» Source data
● ● ● ● ●

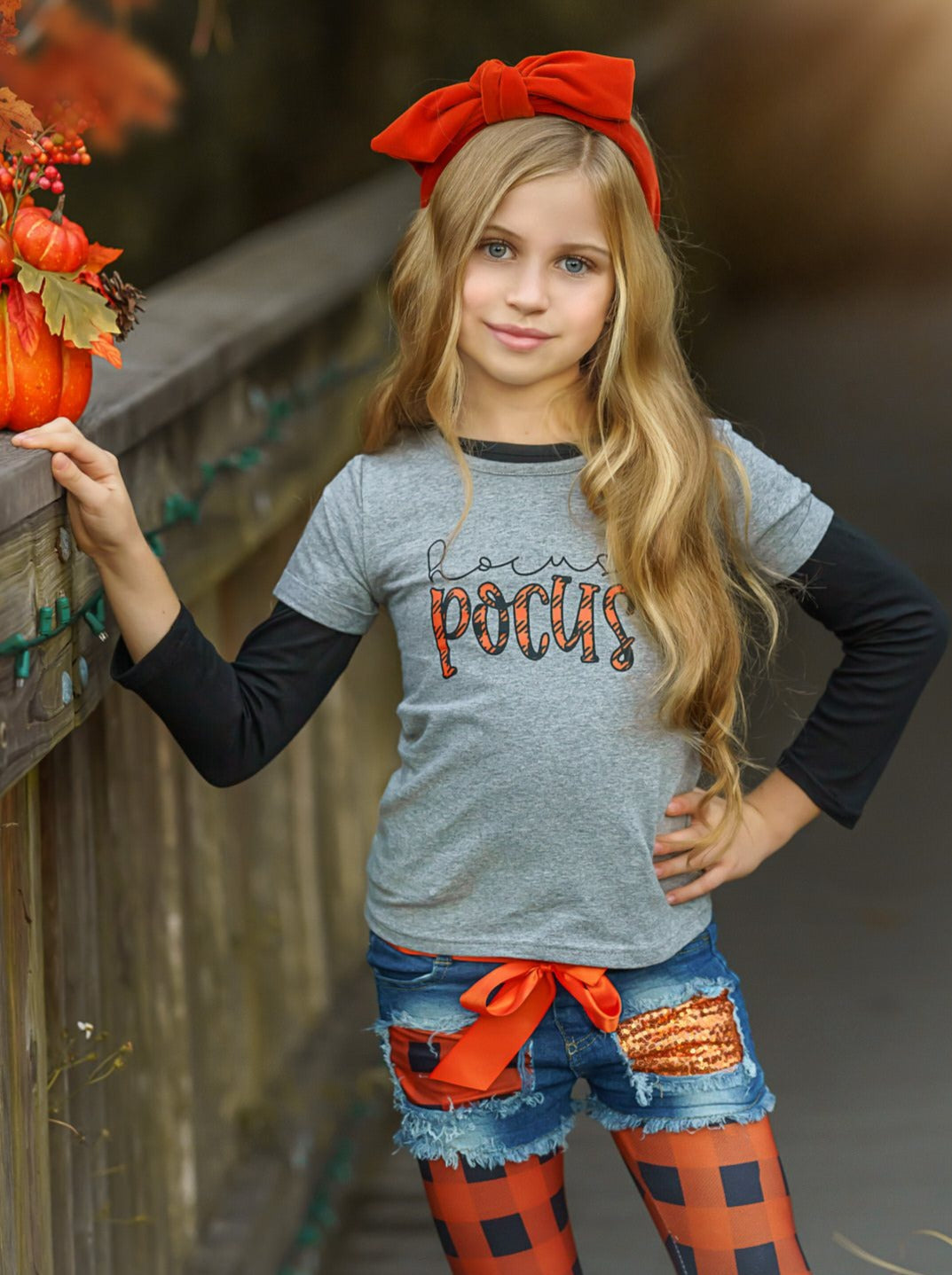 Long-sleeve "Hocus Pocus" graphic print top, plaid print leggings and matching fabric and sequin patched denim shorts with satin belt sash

● ● ● ● ●

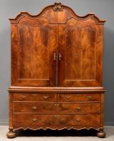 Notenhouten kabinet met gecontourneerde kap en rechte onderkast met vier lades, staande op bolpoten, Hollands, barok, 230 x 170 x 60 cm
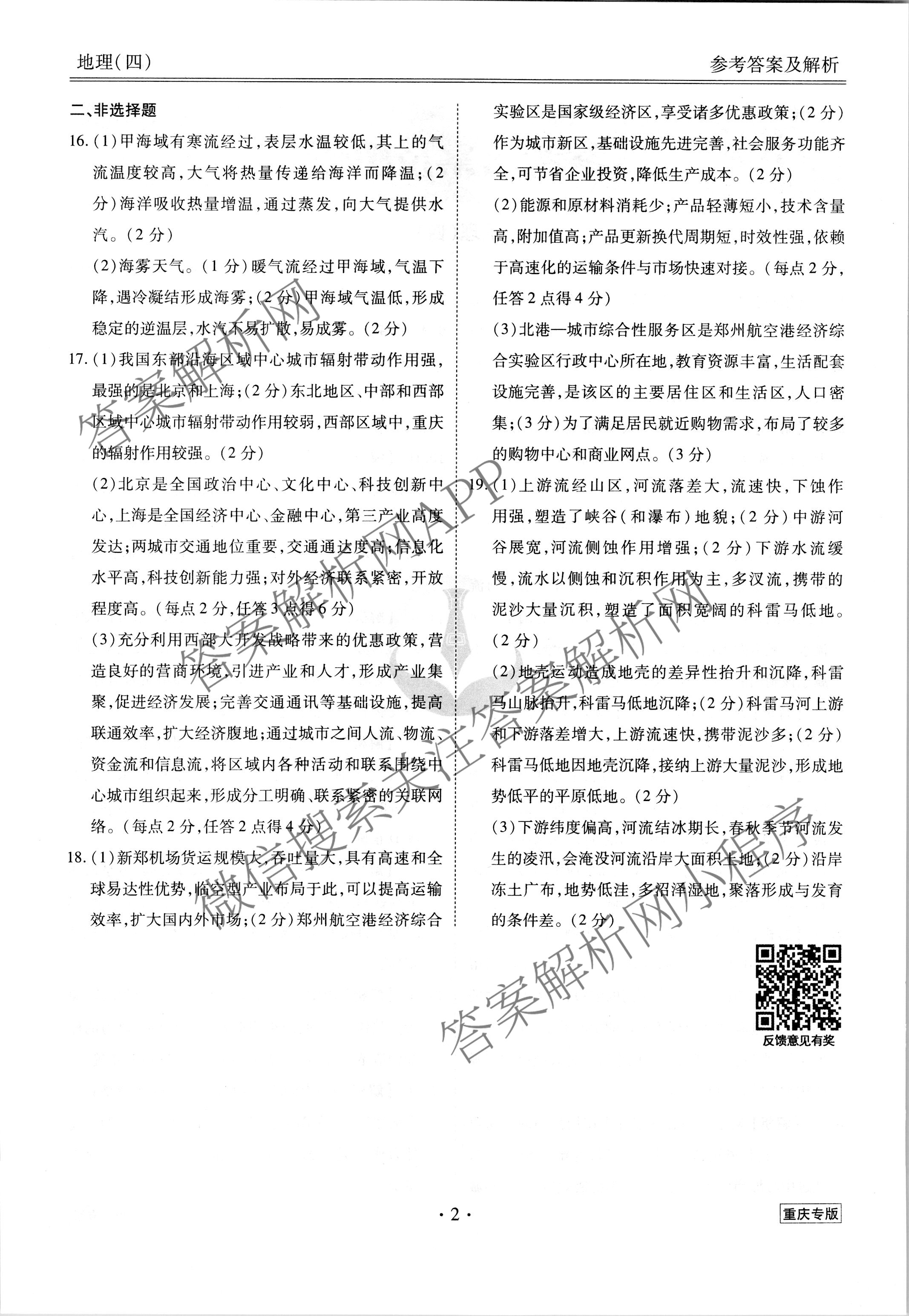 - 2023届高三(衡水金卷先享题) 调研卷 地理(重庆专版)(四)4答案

● ● ● ● ●

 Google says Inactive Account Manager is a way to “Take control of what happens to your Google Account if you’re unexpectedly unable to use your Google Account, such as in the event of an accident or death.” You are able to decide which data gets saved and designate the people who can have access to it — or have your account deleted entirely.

● ● ● ● ●

» Task brief
The lines to set down run from the line with "Notenhouten kabinet met" up to and including the line with "- 2023届高三(衡水金卷先享题) 调研卷 地理(重庆专版)(四)4答案" in the entries above. Reproduce them exactly, with no pictures.

» Problem solution
 Notenhouten kabinet met gecontourneerde kap en rechte onderkast met vier lades, staande op bolpoten, Hollands, barok, 230 x 170 x 60 cm
 - 2023届高三(衡水金卷先享题) 调研卷 地理(重庆专版)(四)4答案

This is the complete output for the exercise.